Gorbals Boy at Oxford

Ralph Glasser (http://www.telegraph.co.uk/news/obituaries/1389641/Ralph-Glasser.html) was born of Jewish parents in Leeds but when only a few months old his family moved to a tenement flat in the Gorbals area of Glasgow that gained notoriety as a one of the biggest slums in Europe. His mother died when he was six and his two older sisters were decamped quickly leaving him to be raised alone by his father who had a gambling addiction. As he observes: “The streets were slippery with refuse and often with drunken vomit. It was a place of grime and poverty…The Victorian building, in red sandstone blackened by smoke… was in decay. Splintered and broken floorboards sometimes gave way under your feet. Interior walls carried patches of stain from a long succession of burst pipes. Rats and mice moved about freely….” Whilst working as a presser in a garment factory Glasser studied hard at The Mitchell Library eventually gaining a scholarship to Oxford.

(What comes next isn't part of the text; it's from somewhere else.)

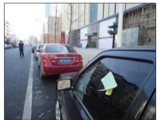
6日,停在西大街的私家车被贴了罚单。

In this memoir (of 1988) he tells of how he was so poor that he had to cycle the 400 miles to ‘that sweet city with her dreaming spires’ of Matthew Arnold. This he did in army surplus shorts, carrying his worldly goods in a saddlebag and sending his only three books ahead by post. It was 1938, when Oxford’s intellectual devotees were still flustered by Orwell’s The Road to Wigan Pier. It would be hard to imagine two worlds more socially distant in these damp islands than a Gorbals tenement and Magdalen College, Oxford. Glasser was warned by the great Fabian, G.D.H. Cole, that the enlightenment he sought at Oxford, with its rigorous conceptual disciplines, would destroy his profound instinctive knowledge of the working class. But Cole was mistaken. This extraordinary book is an act of spiritual retrieval, a kind of ‘Wigan Pier’ in reverse. One does wonder how much of Glasser’s memories have been ‘redacted’. Even if true, this is a marvellous evocation of a place and time delivering acute insights into topics of class, power and snobbery in Britain. Glasser writes well enough to give this a read.